* [MATERIAL FOR THIS TASK]
^^^^^^^^

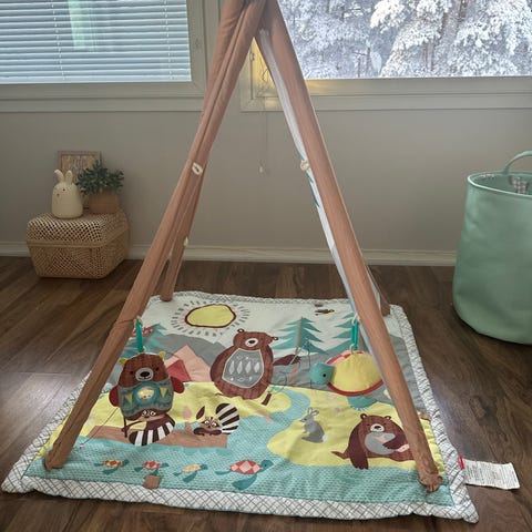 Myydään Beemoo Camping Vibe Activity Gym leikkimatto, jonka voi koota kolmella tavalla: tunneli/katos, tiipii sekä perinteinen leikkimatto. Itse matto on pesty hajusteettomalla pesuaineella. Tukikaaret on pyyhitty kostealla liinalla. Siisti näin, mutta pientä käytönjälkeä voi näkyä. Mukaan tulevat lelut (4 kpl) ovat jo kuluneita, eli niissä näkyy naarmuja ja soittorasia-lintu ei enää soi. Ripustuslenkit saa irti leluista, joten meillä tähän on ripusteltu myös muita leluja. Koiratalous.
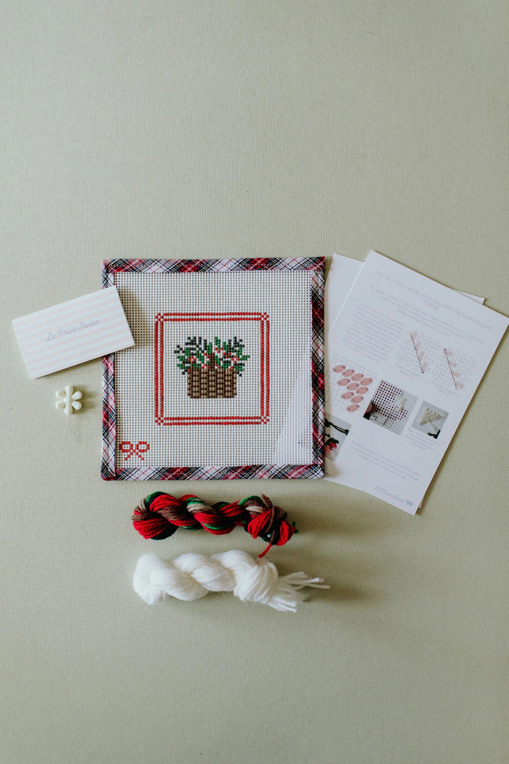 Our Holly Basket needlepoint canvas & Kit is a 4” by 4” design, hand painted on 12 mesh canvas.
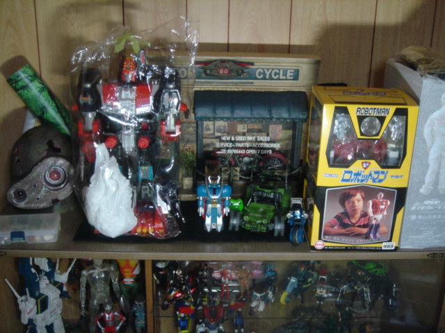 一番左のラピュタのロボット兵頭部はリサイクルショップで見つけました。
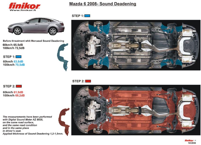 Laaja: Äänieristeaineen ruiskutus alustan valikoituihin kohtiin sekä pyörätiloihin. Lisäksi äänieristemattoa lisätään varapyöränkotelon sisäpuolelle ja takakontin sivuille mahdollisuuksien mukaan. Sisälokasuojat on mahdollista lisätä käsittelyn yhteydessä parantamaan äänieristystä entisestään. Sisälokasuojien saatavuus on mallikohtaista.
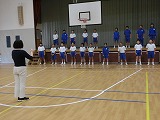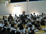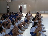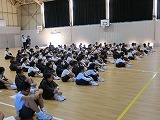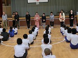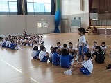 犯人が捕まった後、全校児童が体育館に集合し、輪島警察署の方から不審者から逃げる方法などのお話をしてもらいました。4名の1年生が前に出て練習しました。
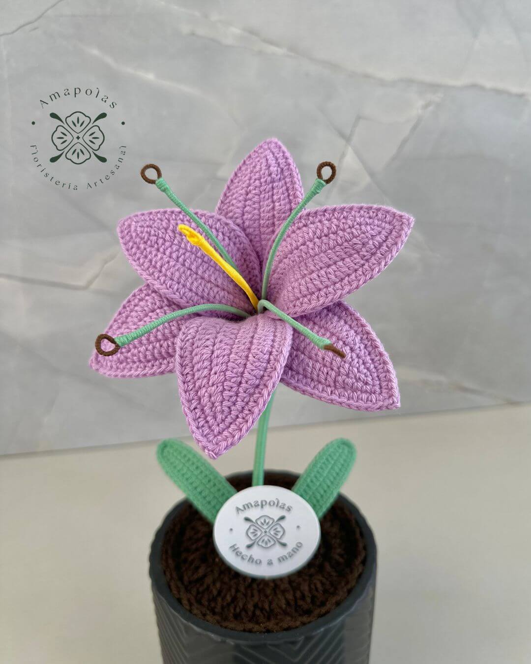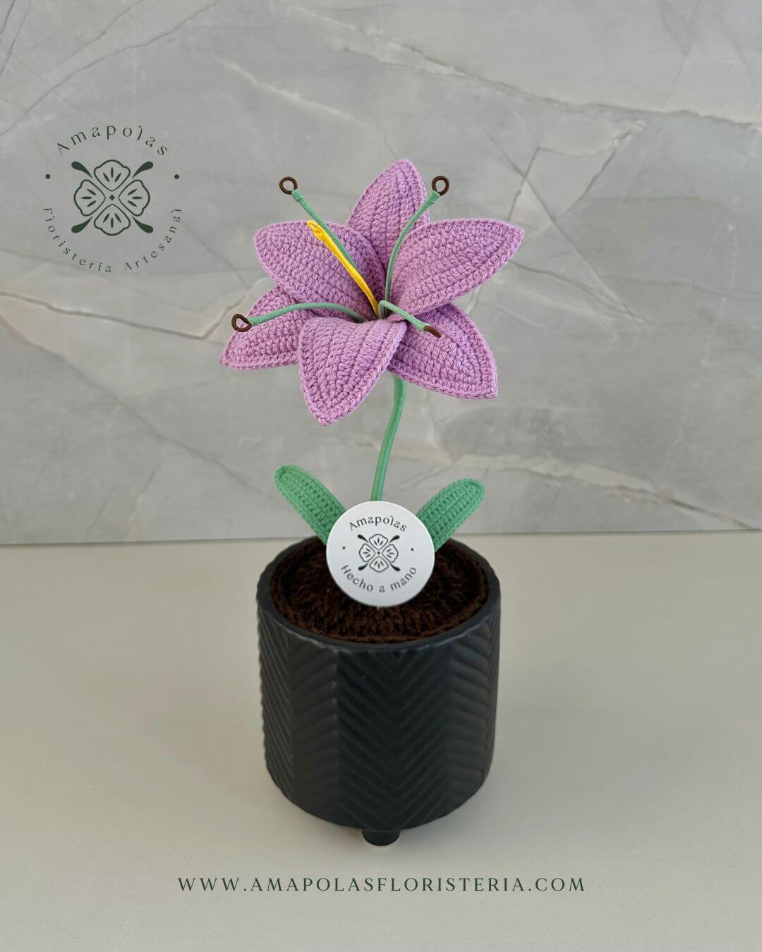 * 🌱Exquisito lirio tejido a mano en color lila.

^^^^^^^^

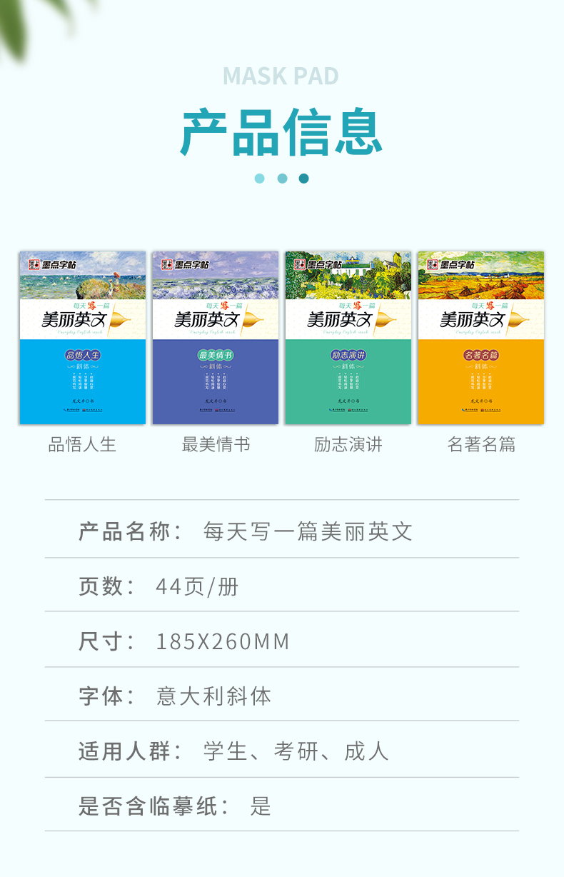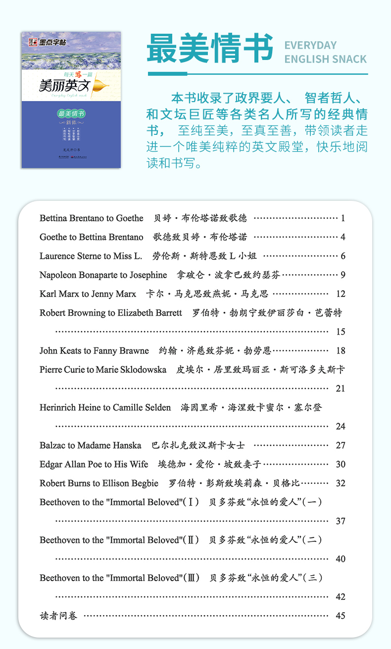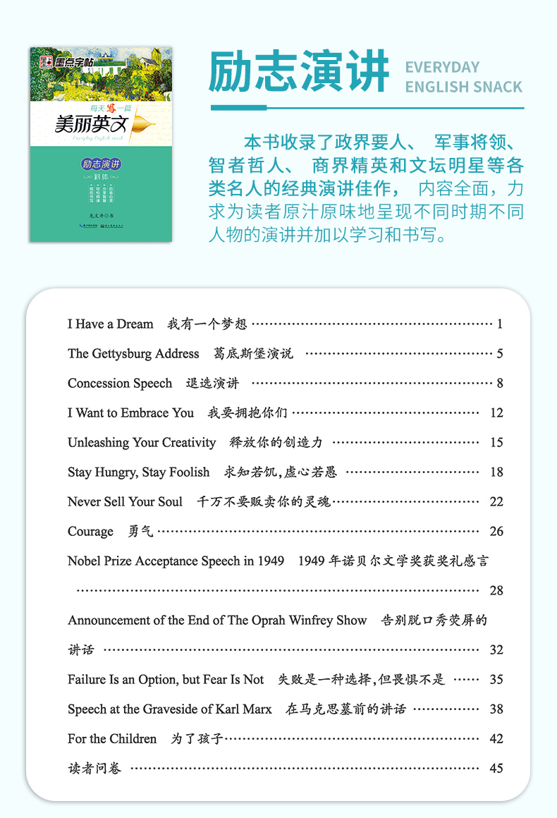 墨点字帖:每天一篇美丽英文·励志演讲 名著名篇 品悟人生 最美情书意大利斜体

^^^^^^^^

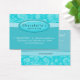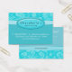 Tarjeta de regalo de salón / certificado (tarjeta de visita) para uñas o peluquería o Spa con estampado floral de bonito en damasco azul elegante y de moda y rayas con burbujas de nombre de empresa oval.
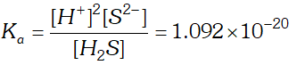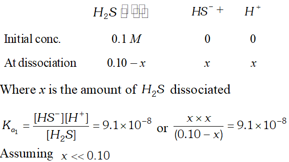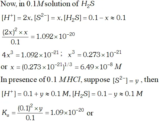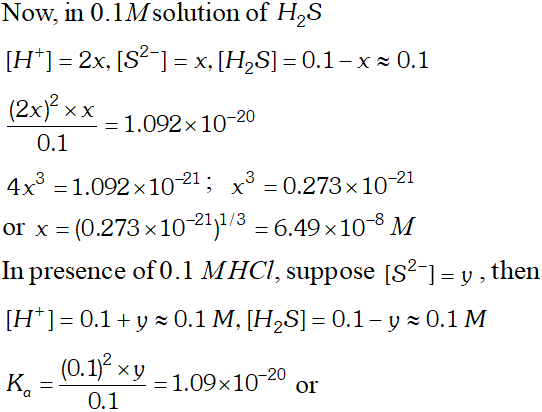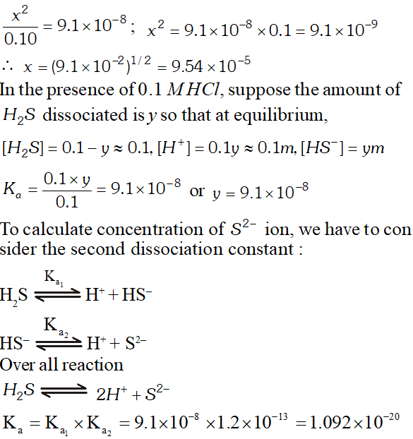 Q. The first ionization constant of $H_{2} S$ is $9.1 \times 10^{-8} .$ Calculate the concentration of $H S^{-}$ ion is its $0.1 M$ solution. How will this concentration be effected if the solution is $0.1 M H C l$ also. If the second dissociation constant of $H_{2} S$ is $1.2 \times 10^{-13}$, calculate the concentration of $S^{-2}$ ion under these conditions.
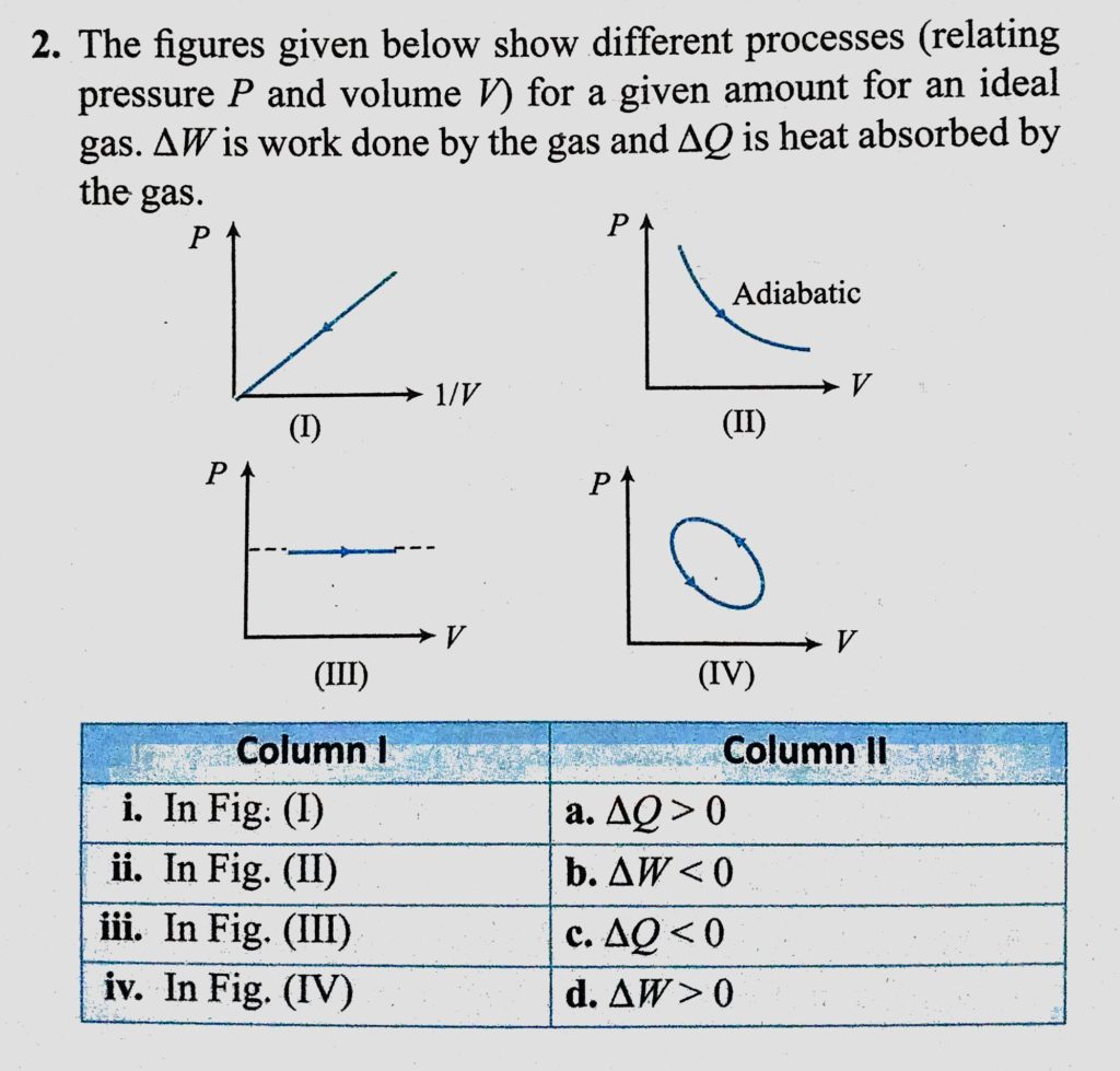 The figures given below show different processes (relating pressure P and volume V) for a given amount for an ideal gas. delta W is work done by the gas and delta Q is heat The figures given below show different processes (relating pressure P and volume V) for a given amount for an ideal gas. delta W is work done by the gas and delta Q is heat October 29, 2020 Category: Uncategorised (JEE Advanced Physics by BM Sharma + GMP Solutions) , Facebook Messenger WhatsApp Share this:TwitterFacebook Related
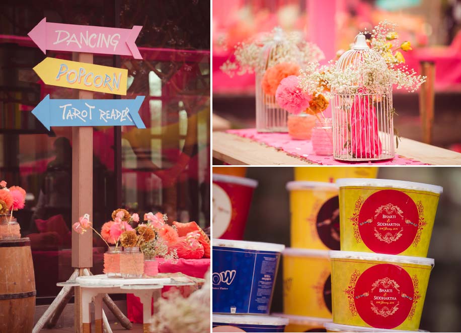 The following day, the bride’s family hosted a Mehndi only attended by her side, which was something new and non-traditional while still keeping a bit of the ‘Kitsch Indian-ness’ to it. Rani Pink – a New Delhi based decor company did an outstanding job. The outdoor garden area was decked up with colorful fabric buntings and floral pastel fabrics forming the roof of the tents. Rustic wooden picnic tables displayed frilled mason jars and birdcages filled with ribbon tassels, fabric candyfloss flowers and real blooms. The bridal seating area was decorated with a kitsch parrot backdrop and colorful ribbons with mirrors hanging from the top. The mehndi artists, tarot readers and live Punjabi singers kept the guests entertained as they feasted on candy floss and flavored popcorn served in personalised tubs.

^^^^^^^^

* [TASK REQUIREMENTS]
Restate word for word the lines of the data above that begin at the line with "犯人が捕まった後、全校児童が" and end at the line with "en color lila.", keeping both ends and dropping every picture.

* [RESPONSE BOX]
 犯人が捕まった後、全校児童が体育館に集合し、輪島警察署の方から不審者から逃げる方法などのお話をしてもらいました。4名の1年生が前に出て練習しました。
 * 🌱Exquisito lirio tejido a mano en color lila.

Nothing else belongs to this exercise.